(Dataset entries)

---

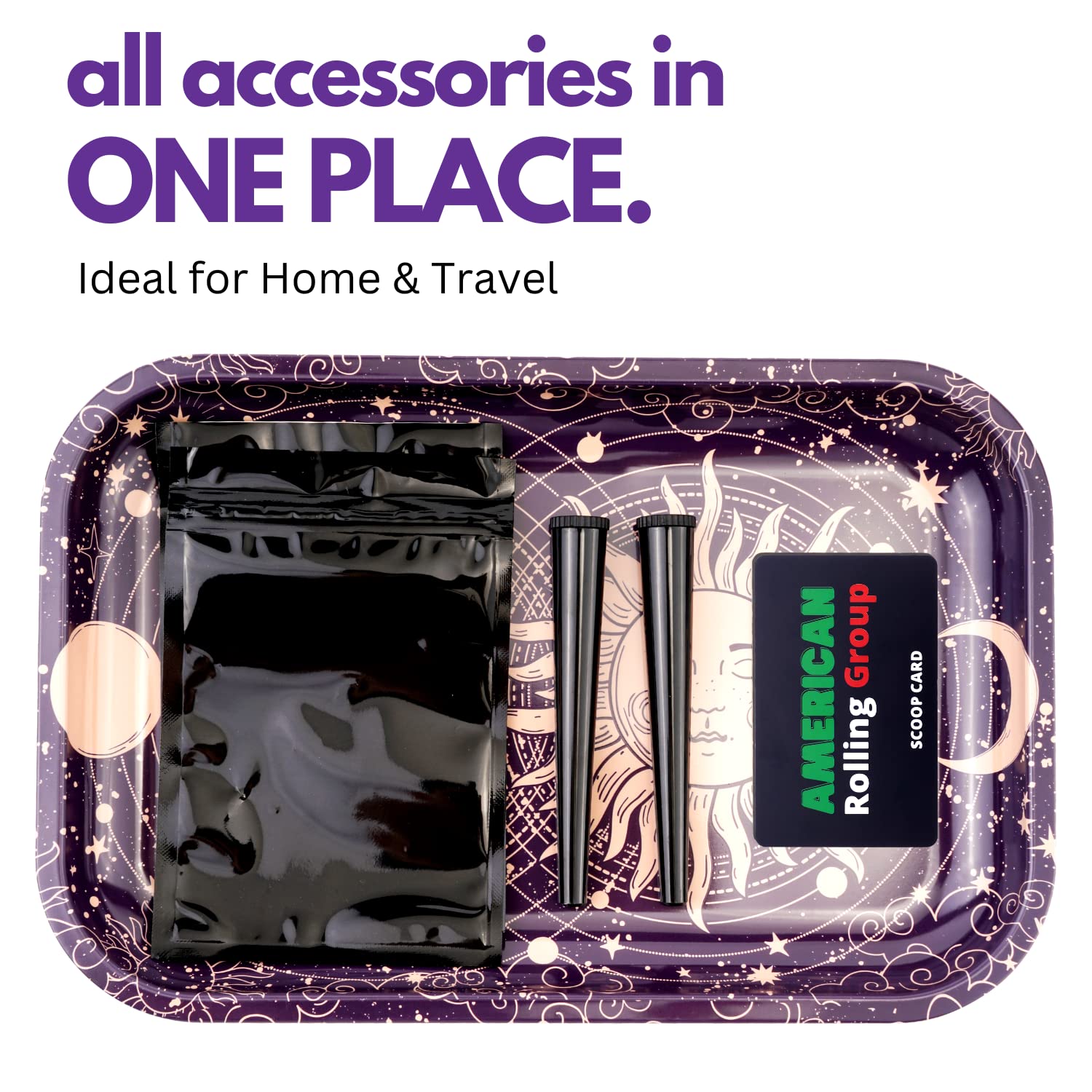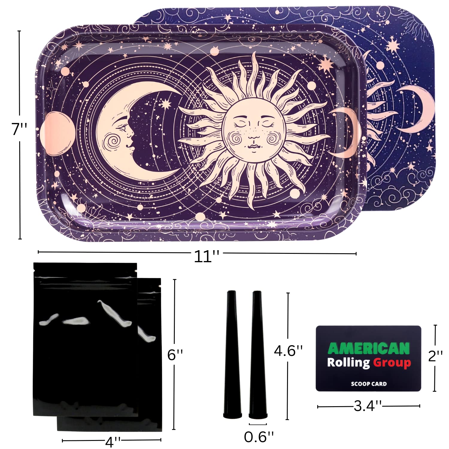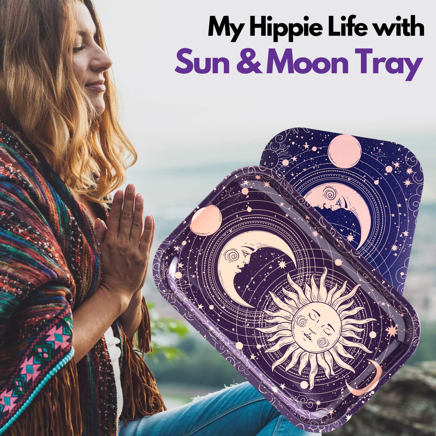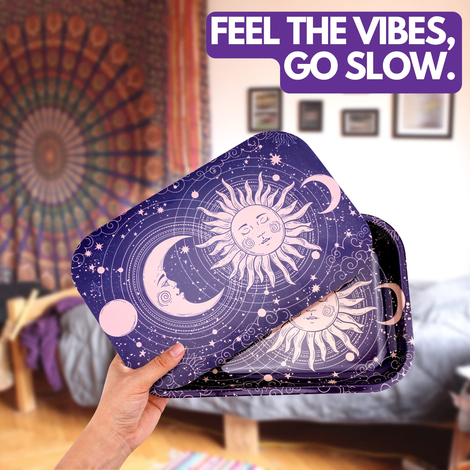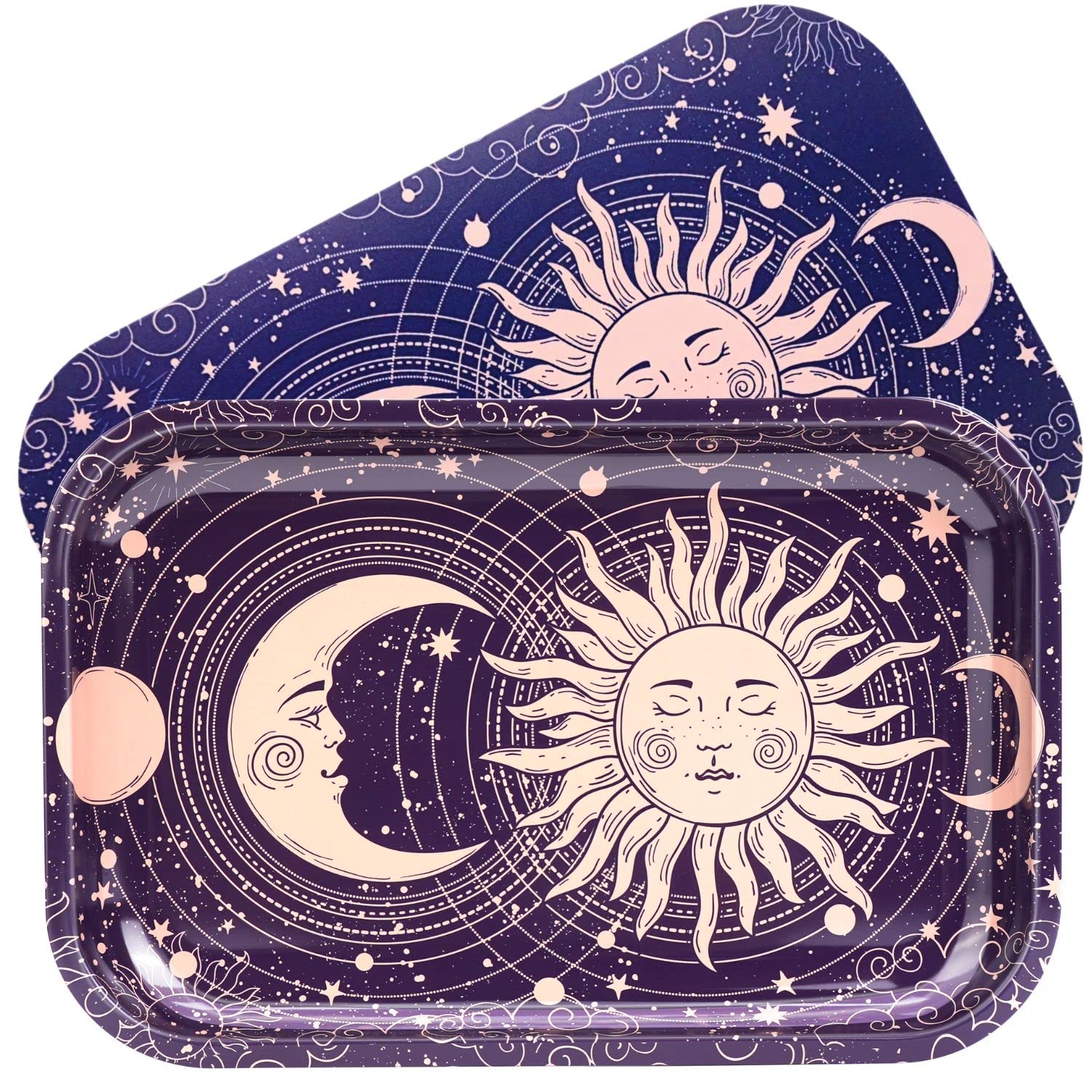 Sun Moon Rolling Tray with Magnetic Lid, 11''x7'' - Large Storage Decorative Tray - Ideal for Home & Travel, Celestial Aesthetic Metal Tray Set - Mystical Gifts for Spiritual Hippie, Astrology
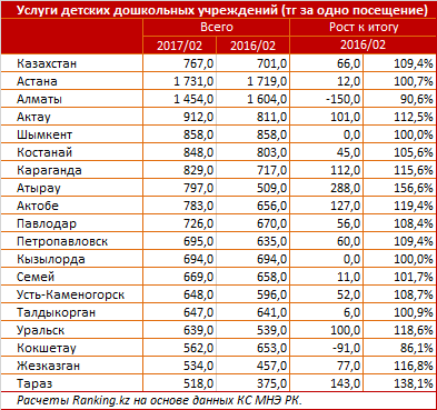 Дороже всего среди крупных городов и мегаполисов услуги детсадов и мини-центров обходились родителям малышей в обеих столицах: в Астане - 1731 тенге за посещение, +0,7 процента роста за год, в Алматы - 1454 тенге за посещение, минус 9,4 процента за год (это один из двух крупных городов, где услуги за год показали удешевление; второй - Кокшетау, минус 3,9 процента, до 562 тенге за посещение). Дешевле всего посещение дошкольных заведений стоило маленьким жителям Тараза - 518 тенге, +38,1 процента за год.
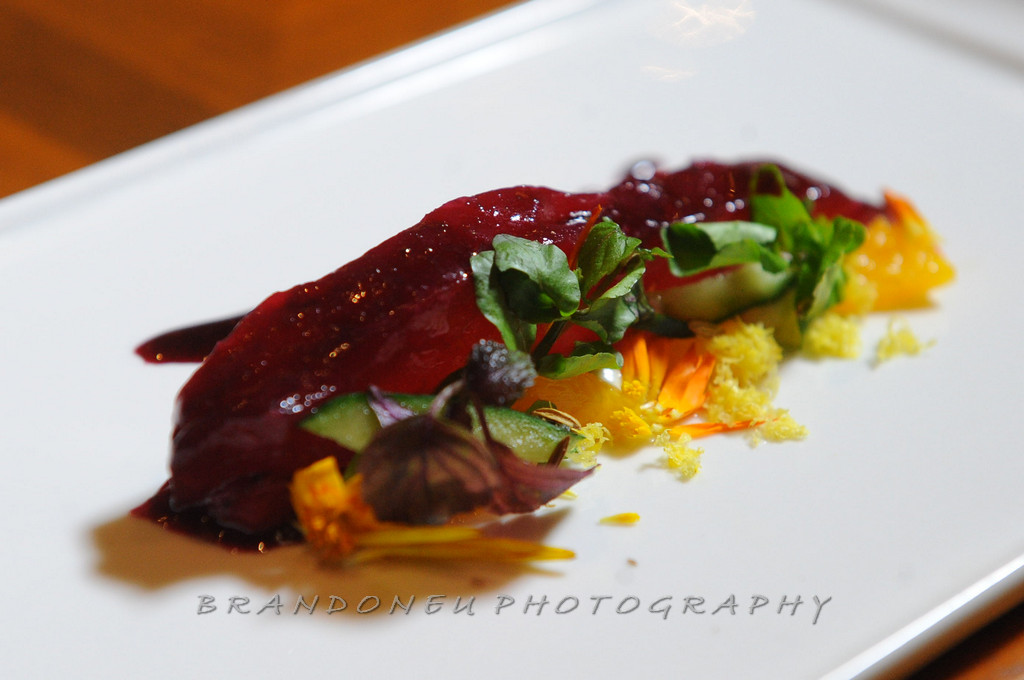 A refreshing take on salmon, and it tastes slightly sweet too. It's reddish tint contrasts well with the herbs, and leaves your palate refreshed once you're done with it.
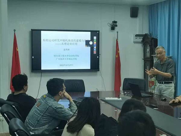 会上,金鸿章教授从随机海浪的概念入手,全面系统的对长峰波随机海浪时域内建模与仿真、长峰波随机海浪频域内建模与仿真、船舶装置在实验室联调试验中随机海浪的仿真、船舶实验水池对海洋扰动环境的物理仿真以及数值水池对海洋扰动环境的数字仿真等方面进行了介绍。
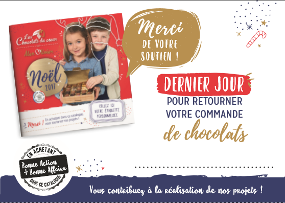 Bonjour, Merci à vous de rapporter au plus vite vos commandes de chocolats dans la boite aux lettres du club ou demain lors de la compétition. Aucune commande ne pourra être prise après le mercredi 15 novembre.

---

• Task details: The response is to contain exactly the lines from the beginning of the data through the line containing "会上,金鸿章教授从随机海浪的", both ends included, and nothing else; omit the pictures.

• Answer space:
 Sun Moon Rolling Tray with Magnetic Lid, 11''x7'' - Large Storage Decorative Tray - Ideal for Home & Travel, Celestial Aesthetic Metal Tray Set - Mystical Gifts for Spiritual Hippie, Astrology
 Дороже всего среди крупных городов и мегаполисов услуги детсадов и мини-центров обходились родителям малышей в обеих столицах: в Астане - 1731 тенге за посещение, +0,7 процента роста за год, в Алматы - 1454 тенге за посещение, минус 9,4 процента за год (это один из двух крупных городов, где услуги за год показали удешевление; второй - Кокшетау, минус 3,9 процента, до 562 тенге за посещение). Дешевле всего посещение дошкольных заведений стоило маленьким жителям Тараза - 518 тенге, +38,1 процента за год.
 A refreshing take on salmon, and it tastes slightly sweet too. It's reddish tint contrasts well with the herbs, and leaves your palate refreshed once you're done with it.
 会上,金鸿章教授从随机海浪的概念入手,全面系统的对长峰波随机海浪时域内建模与仿真、长峰波随机海浪频域内建模与仿真、船舶装置在实验室联调试验中随机海浪的仿真、船舶实验水池对海洋扰动环境的物理仿真以及数值水池对海洋扰动环境的数字仿真等方面进行了介绍。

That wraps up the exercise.